_Work instruction_
Your answer should be the exact lines of the data below from the one containing "Piattaia 4 cassetti" through the one containing "БАЯНГОЛ, ХАН-УУЛ, СОНГИНОХАЙРХАН"; please include nothing else.

_Dataset content_
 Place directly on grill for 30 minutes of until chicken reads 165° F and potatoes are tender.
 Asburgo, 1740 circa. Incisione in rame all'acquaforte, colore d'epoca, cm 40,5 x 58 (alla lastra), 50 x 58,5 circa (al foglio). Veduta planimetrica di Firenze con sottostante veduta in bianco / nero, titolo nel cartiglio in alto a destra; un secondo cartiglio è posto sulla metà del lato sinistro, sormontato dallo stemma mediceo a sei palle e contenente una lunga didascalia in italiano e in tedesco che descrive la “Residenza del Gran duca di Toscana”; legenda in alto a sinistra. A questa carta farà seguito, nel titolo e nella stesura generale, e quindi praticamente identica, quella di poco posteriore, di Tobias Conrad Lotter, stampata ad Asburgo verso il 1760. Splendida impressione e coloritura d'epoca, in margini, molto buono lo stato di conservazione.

==

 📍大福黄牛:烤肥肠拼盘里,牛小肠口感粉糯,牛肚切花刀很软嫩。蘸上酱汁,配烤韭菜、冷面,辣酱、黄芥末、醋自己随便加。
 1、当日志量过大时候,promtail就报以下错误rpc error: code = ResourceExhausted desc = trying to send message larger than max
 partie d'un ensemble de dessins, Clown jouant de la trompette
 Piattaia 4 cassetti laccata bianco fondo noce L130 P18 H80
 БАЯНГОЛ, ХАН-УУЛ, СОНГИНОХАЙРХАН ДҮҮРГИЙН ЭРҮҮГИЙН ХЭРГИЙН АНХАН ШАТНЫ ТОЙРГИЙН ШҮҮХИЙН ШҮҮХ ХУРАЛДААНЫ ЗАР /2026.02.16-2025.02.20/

* * *

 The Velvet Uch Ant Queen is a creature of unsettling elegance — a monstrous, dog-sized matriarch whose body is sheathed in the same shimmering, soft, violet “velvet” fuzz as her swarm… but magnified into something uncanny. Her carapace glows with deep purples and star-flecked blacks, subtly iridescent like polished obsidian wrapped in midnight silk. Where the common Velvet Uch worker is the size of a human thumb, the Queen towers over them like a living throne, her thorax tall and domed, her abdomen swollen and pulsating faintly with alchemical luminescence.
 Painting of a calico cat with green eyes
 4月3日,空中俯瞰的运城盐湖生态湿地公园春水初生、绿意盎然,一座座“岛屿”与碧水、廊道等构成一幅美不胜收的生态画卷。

_Result_
 Piattaia 4 cassetti laccata bianco fondo noce L130 P18 H80
 БАЯНГОЛ, ХАН-УУЛ, СОНГИНОХАЙРХАН ДҮҮРГИЙН ЭРҮҮГИЙН ХЭРГИЙН АНХАН ШАТНЫ ТОЙРГИЙН ШҮҮХИЙН ШҮҮХ ХУРАЛДААНЫ ЗАР /2026.02.16-2025.02.20/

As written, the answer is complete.